# Work item
The whole listing should be retyped word for word, apart from the pictures it holds.

# Recorded data
——————————

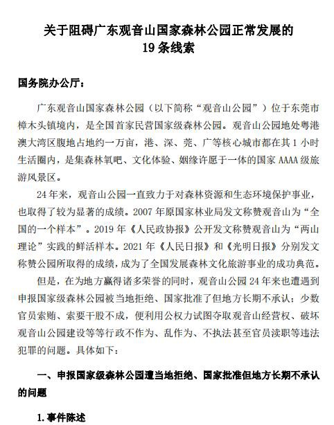 2023年8月8日,广东观音山国家森林公园向国务院办公厅致函反映阻碍正常发展的19条线索。
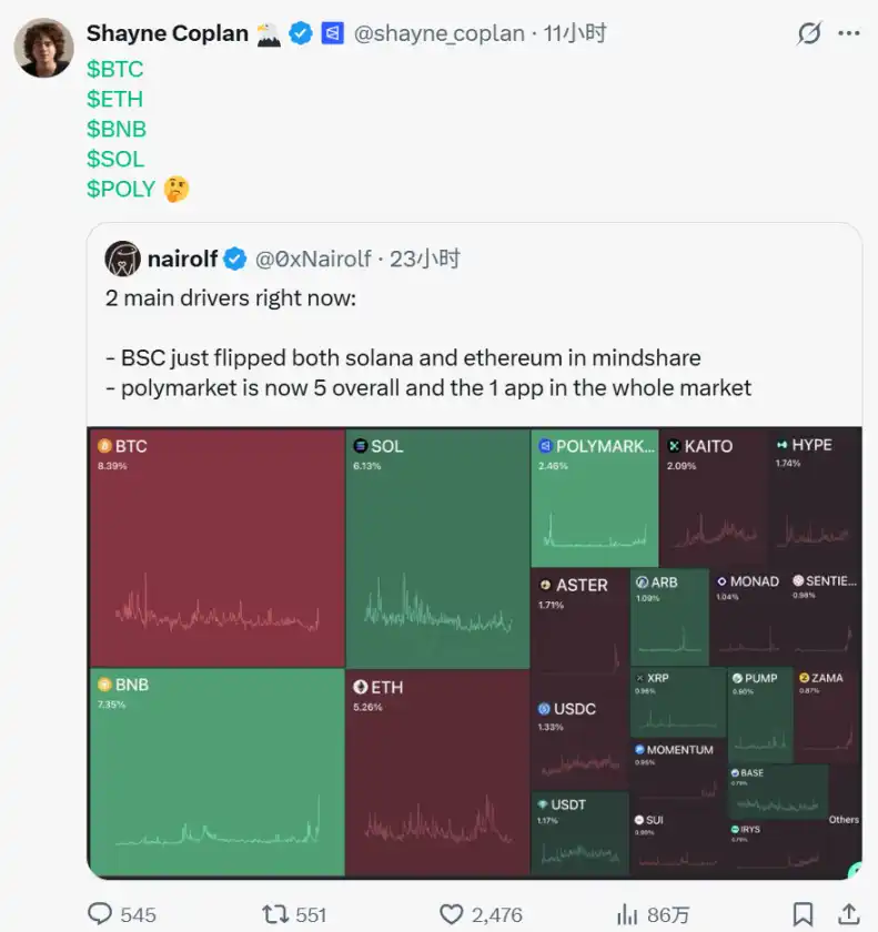 10 月 8 日,Polymarket 創始人 Shayne Coplan 在轉推時將 POLY 的代幣符號排在 BTC、ETH、BNB 以及 SOL 之後,暗示 PolyPOLY 的代幣名稱或為 PolyPOLY 的代幣名稱。不過發幣時間仍不得而知。
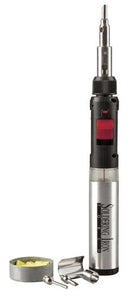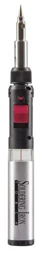 A sturdy, portable, self-igniting butane powered gas soldering iron tool kit with 3 tips. Produces a 1300°C adjustable flame for low end brazing, tin/plastic melting, automotive repair work, welding and of course heat shrinking. Supplied with 3 interchangeable metal tips for PCB work. For extra convenience the torch has a handy retractable stand so you can rest it somewhere without worrying about it rolling around. It is supplied in a plastic carry case that includes a cleaning sponge, extra tips, a deflector and a cap for the soldering iron.

——————————

# Exercise result
 2023年8月8日,广东观音山国家森林公园向国务院办公厅致函反映阻碍正常发展的19条线索。
 10 月 8 日,Polymarket 創始人 Shayne Coplan 在轉推時將 POLY 的代幣符號排在 BTC、ETH、BNB 以及 SOL 之後,暗示 PolyPOLY 的代幣名稱或為 PolyPOLY 的代幣名稱。不過發幣時間仍不得而知。
 A sturdy, portable, self-igniting butane powered gas soldering iron tool kit with 3 tips. Produces a 1300°C adjustable flame for low end brazing, tin/plastic melting, automotive repair work, welding and of course heat shrinking. Supplied with 3 interchangeable metal tips for PCB work. For extra convenience the torch has a handy retractable stand so you can rest it somewhere without worrying about it rolling around. It is supplied in a plastic carry case that includes a cleaning sponge, extra tips, a deflector and a cap for the soldering iron.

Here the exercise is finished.